» What is expected
Retype the data exactly, from its first line to the line containing "An exciting blend", including both, and skip any picture.

» Supplied material
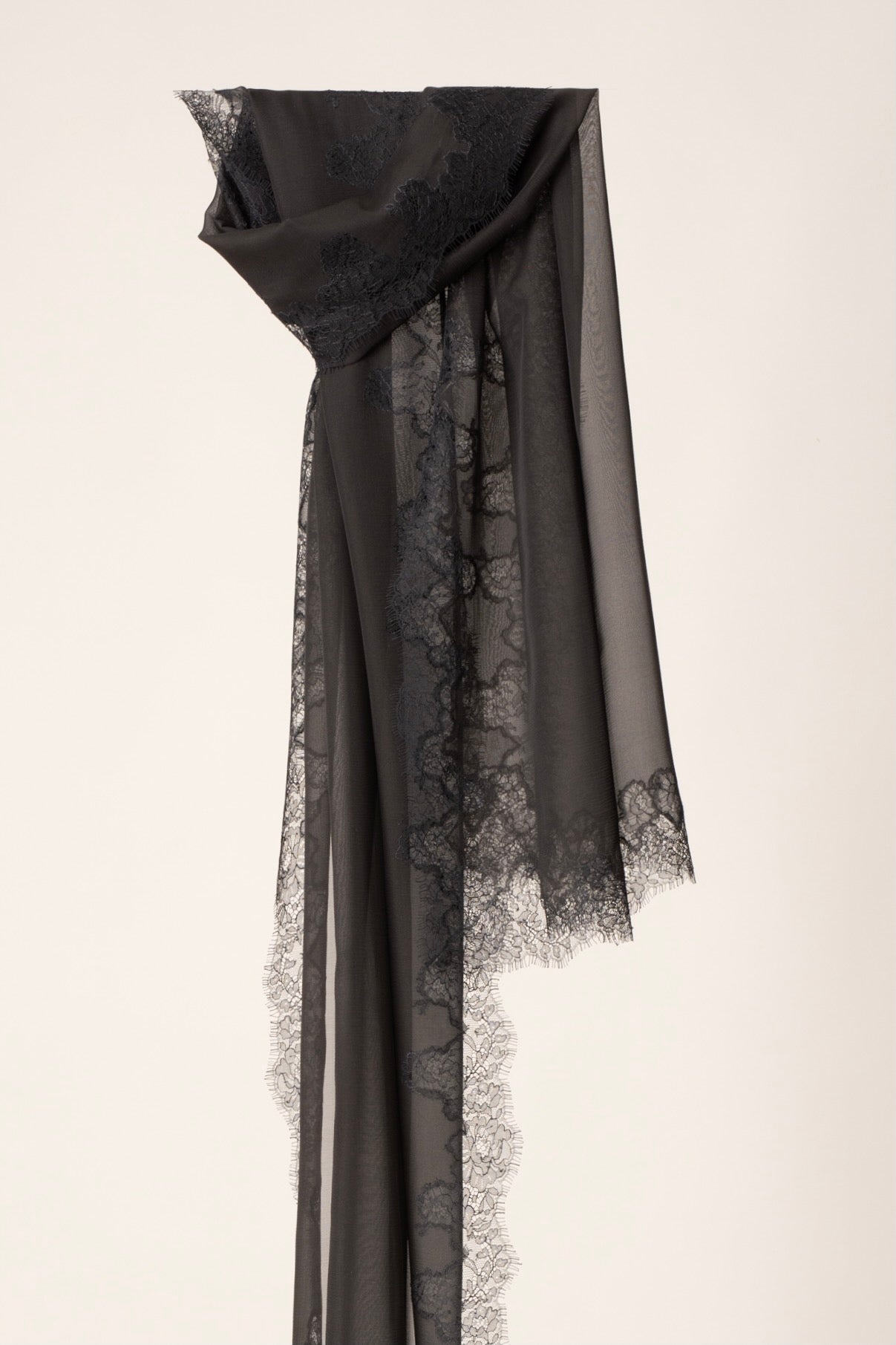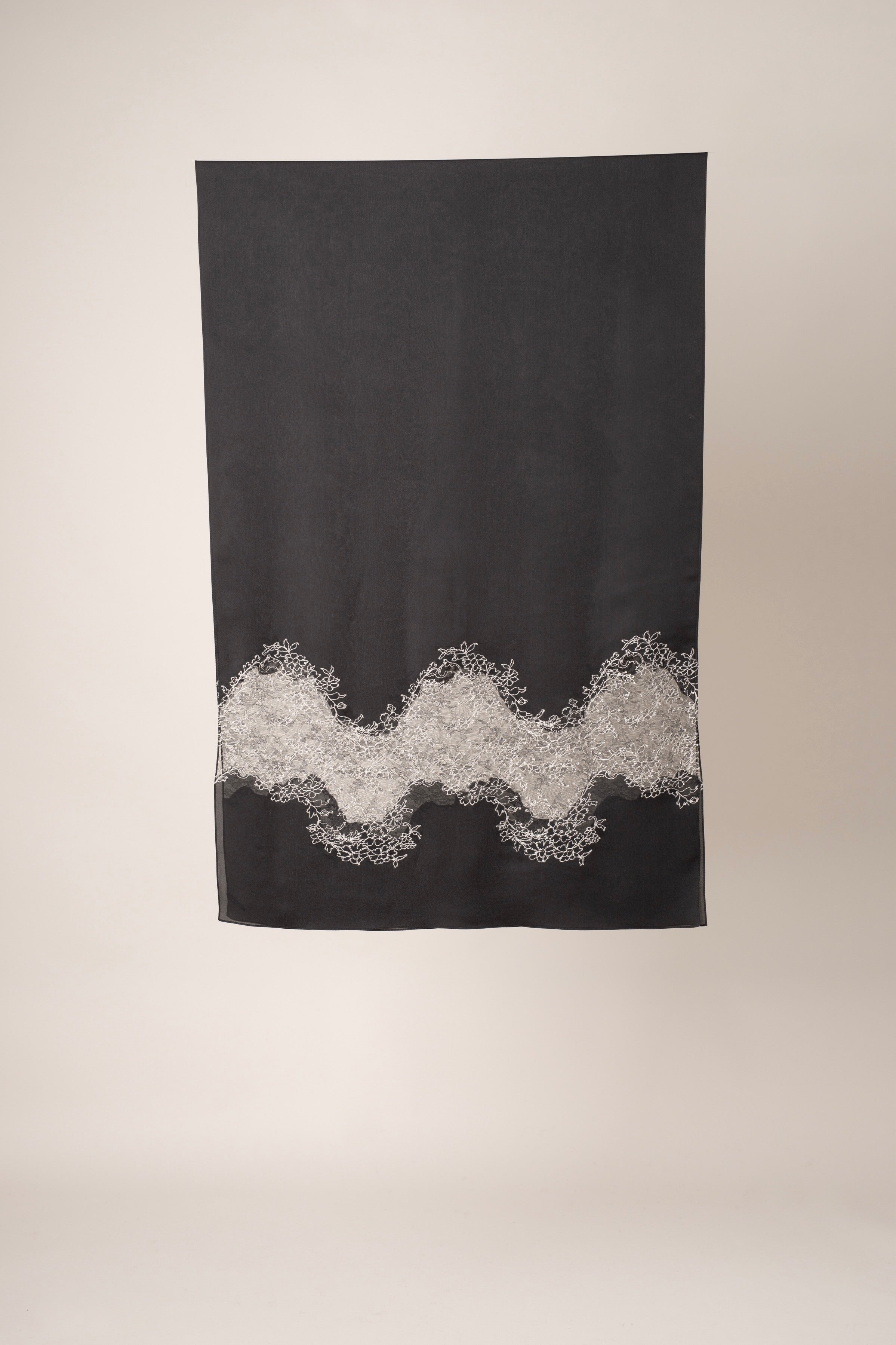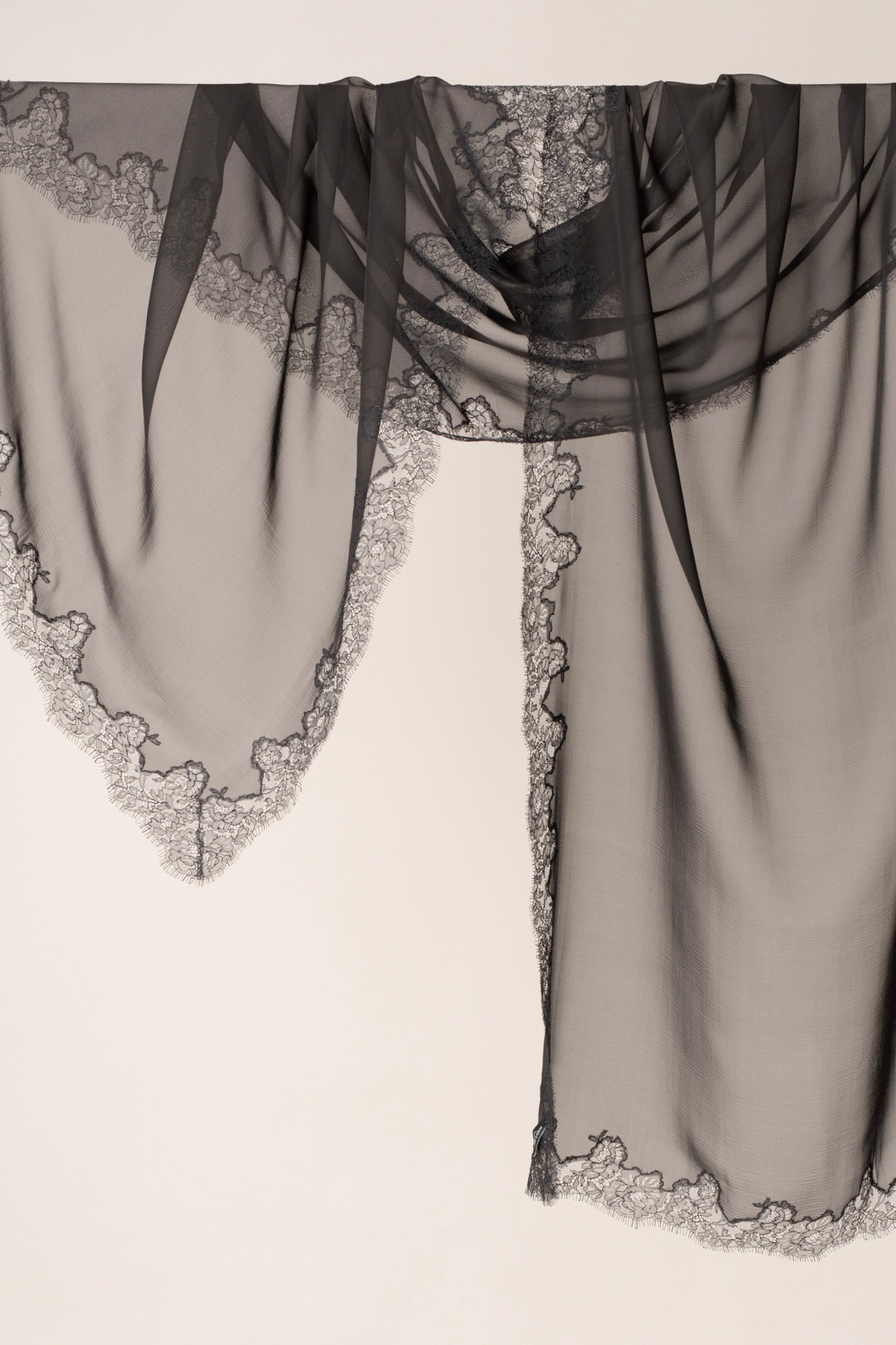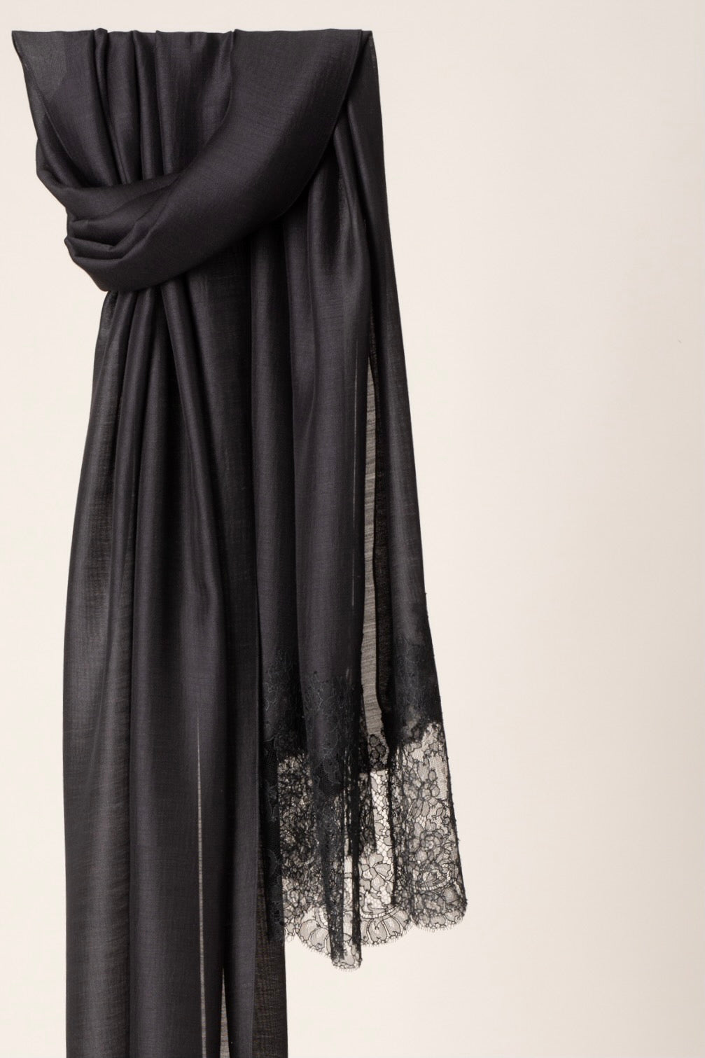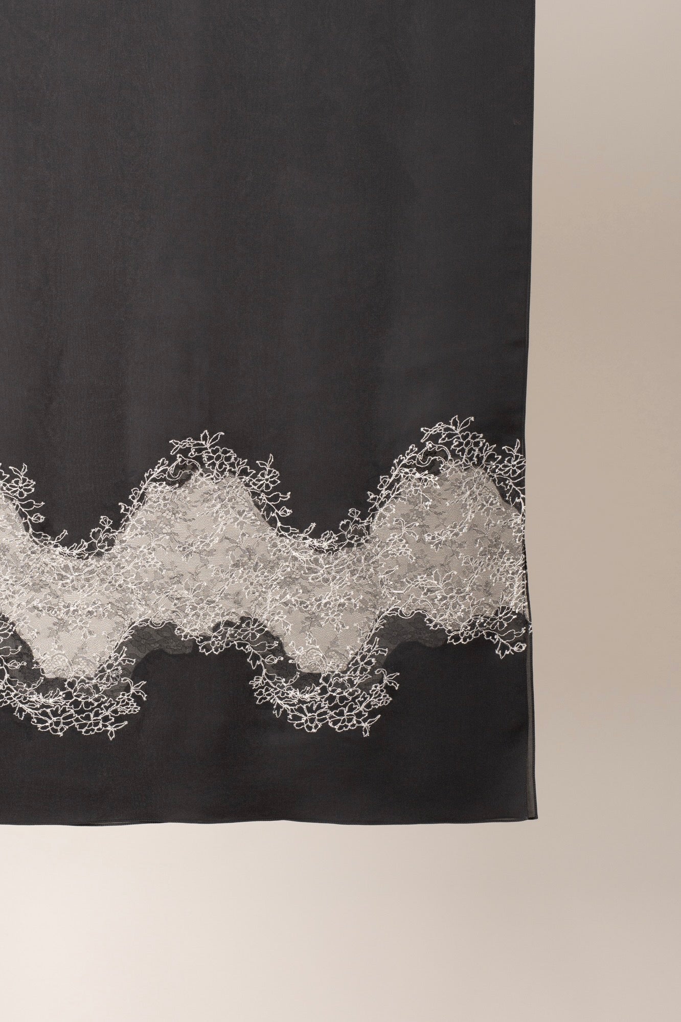 Etole en soie et cachemire noire et dentelle Ceres noire
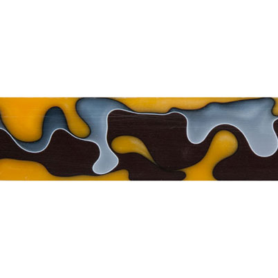 An exciting blend of Yellow, Brown, and Grey Pearl separate by thin layers of black and white.
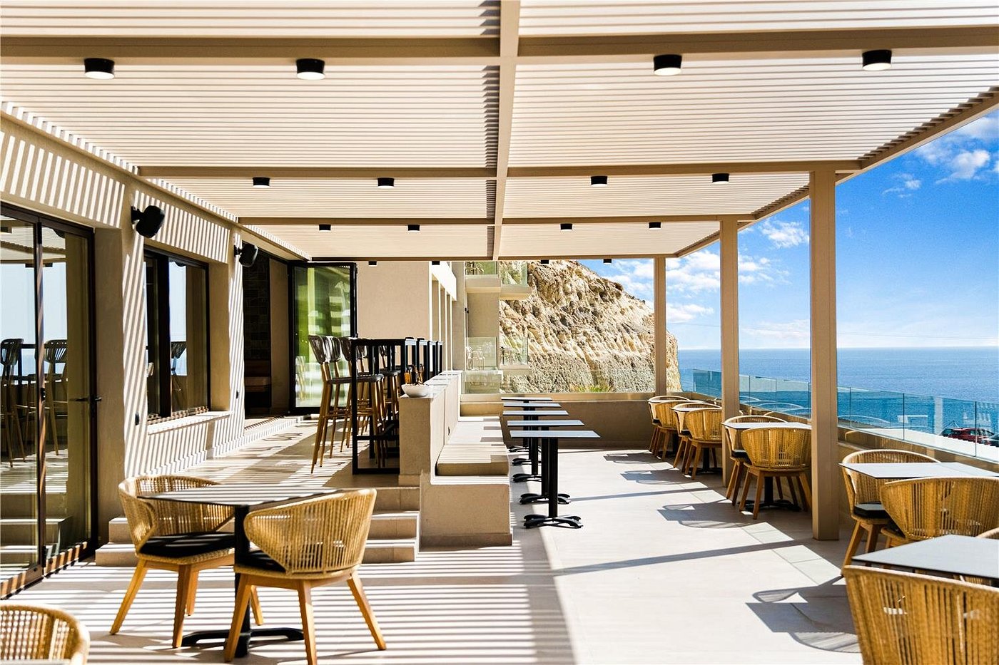Public areas, including the main restaurant, lounges, and outdoor pool terraces, are oriented to maximize sea vistas and create a cohesive experiential flow that encourages guests to engage with both dramatic views and tranquil courtyards. The landscape design further enhances this integration, using native plantings and stone hardscape to blur the boundaries between architecture and nature.
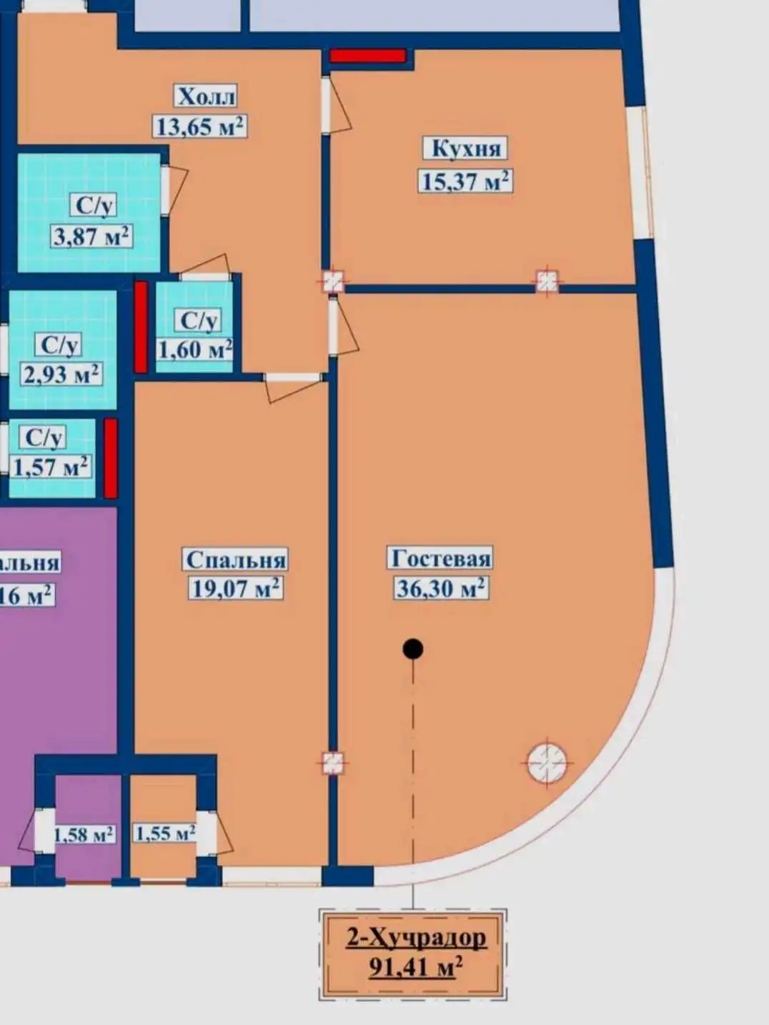 • Площадь91 м²,

» Solution to the exercise
 Etole en soie et cachemire noire et dentelle Ceres noire
 An exciting blend of Yellow, Brown, and Grey Pearl separate by thin layers of black and white.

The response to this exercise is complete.